Dia memasukkan piring-piring ke dalam sebuah laci penyimpanan dimana terdapat sebuah rak disana yang terletak di bagian bawah. Pun dengan barang-barang yang lain, seperti sendok, garpu dan juga gelas, semuanya masuk pada tempat yang sudah di khususkan sampai tersusun dengan rapi.
Sementara Ratih, wanita itu sudah sibuk di area depan setelah hidangan pagi selesai. Tidak tahu kemana, sampai hingga saat ini dia meninggalkan Zia sendiri.
Tak tak tak …
Zia menoleh, ketika mendengar suara derap langkah kaki yang sangat cepat dari arah dalam. Membuat Zia sedikit terkejut dan menoleh ke arah suara terdengar.
“Mba, mbak Zia?” Panggil Ratih.
Wanita itu terlihat sedikit terburu-buru, membuat kening Zia menjengit juga ujung alis yang hampir bersentuhan antara satu dan lainnya.
“Iya, kenapa? Mbak Ratih bikin aku kaget!” Zia menyahut dengan raut wajah panik.
Pasalnya wanita itu pun terlihat tergesa-gesa, seperti tengah ada dalam tekanan. Dan ya, pengalaman pertama menjadi seorang asisten rumah tangga membuat Zia sedikit was-was.
“Dipanggil bapak, cepet!” bisik Ratih.
‘Duh, ada apa ya?’
Ratih langsung menggenggam pergelangan tangan Zia, kemudian menariknya ke arah dalam sambil berlari hingga membuat langkah perempuan itu terseok-seok saat berusaha menyeimbangkan diri.
Zia merasakan gugup yang luar biasa. Apalagi saat mereka sampai di dalam satu ruangan yang sangat luas, dengan meja makan yang besar. Duduklah seorang pria dengan kisaran usia 35 tahun, sudah berpakaian rapi. Kemudian di kursi sampingnya terlihat seorang gadis cantik dengan rambut panjang terurai, memakai seragam sekolah.
‘Vio!’ Hatinya menjerit, tiba-tiba Zia mengingat putrinya.
“Pak, ini asisten yang akan menggantikan saya.
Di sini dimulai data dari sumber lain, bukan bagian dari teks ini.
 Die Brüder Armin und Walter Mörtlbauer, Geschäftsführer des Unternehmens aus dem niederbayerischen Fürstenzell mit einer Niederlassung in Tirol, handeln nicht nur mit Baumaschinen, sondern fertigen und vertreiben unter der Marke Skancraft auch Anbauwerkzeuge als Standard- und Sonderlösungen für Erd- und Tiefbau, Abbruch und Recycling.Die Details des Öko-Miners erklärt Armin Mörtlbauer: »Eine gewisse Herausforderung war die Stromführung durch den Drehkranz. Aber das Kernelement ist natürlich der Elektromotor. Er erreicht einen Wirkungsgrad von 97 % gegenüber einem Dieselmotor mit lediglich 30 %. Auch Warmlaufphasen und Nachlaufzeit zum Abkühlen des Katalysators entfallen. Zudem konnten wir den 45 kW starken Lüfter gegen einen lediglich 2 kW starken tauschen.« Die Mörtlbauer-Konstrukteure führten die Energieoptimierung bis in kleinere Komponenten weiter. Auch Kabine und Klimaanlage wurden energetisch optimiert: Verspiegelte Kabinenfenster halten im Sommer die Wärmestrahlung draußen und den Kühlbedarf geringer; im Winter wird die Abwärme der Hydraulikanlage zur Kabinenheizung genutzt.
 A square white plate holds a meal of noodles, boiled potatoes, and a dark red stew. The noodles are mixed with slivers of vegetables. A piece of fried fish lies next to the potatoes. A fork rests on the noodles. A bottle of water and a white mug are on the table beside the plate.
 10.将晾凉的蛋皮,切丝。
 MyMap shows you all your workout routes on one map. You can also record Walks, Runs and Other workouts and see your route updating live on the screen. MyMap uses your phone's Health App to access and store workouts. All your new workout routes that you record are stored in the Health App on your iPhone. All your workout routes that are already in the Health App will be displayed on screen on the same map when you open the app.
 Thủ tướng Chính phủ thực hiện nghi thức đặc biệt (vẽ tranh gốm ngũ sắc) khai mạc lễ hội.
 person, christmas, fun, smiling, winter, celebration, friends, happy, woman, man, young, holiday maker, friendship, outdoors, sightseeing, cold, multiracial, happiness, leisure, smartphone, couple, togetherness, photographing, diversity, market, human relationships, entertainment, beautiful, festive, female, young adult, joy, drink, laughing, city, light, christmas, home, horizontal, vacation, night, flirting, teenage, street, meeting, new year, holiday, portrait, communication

Namanya mbak Zia,” ujar Ratih.
Pria yang sedang mengoleskan selai pada permukaan selembar roti melirik sekilas, kemudian meletakkannya di piring yang sudah tersedia di hadapan putrinya tanpa bersuara sedikitpun.
“Thank you papa!” Ucap Cira lembut dengan senyuman manis.
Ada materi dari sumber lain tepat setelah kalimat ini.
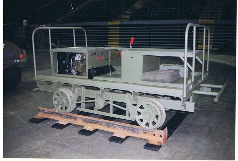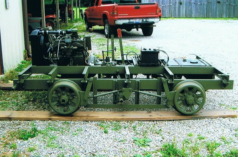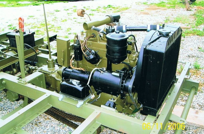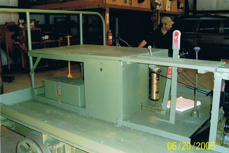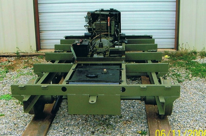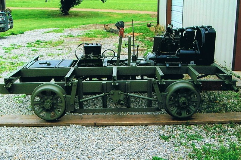 If this is not the most unusual and the most rare WWII vehicle I have had the opportunity to sell it is definitely in the top three. It was built for the U.S. Army Transportation Corp by the Kalamazoo Manufacturing Co. Kalamazoo Michigan. It is serial number 5913 USA number M1013 and was delivered January 1945. What makes it interesting to me is they used everything they could from the MB, purchased right from Willys. The engine complete with oil filter, air filter, regulator, battery, bell housing and T-84 transmission and all of the gauges are the same as the MB. They even used the MB fuel tank and radiator. It is 4 wheel drive and that is accomplished through chain drive and a forward-reverse lever which gave three gear speeds in each direction so the transfer case was not needed. When it was found and purchased 5 or 6 years ago, it was still in very good running condition and had never been allowed to set outside. Most of the vehicle is wood and due to inside storage for 60 years 95% of the original wood was saved in the total restoration. You can see in the as purchased photos (yellow trim) how good the wood was, only the side rail boards had to be replaced mainly from being kicked and broken. Before restoration it was used on several Sunday rail trips in the Jackson Ohio area. It will go much faster that you will want to drive it. As you can see from the photos it was professionally and totally disassembled rebuilt, researched for paint scheme and reassembled. With the wood being in such good condition it was easy to sand down to the original colors and markings. It was shown at the 2006 MVPA convention in Dayton Ohio.”

Pria itu membalas senyuman putrinya, dan mengangguk.
Lalu Ratih menyenggol lengan Zia.
“S-selamat pagi pak, perkenalkan nama saya Sazia!” Perempuan itu tersenyum canggung. “Biasa di panggil Zia, pak!” Lanjut perempuan itu.
Masih tidak ada respon, baik dari tutur kata ataupun ucapan basa-basi. Wajahnya datar, sikapnya cukup dingin, dan dengan tatapan tajam apalagi saat melirik perlahan ke arah Zia.
Zia menoleh ke arah Ratih, dia meminta wanita itu untuk menyelamatkannya dari situasi yang cukup rumit untuk dijelaskan.
“Saya belum bertanya,” pria itu berujar dengan suara yang terdengar rendah.
Tidak ada sedikitpun senyuman ramah, yang mendominasi hanya ekspresi wajah datar dan tatapan yang sangat dingin.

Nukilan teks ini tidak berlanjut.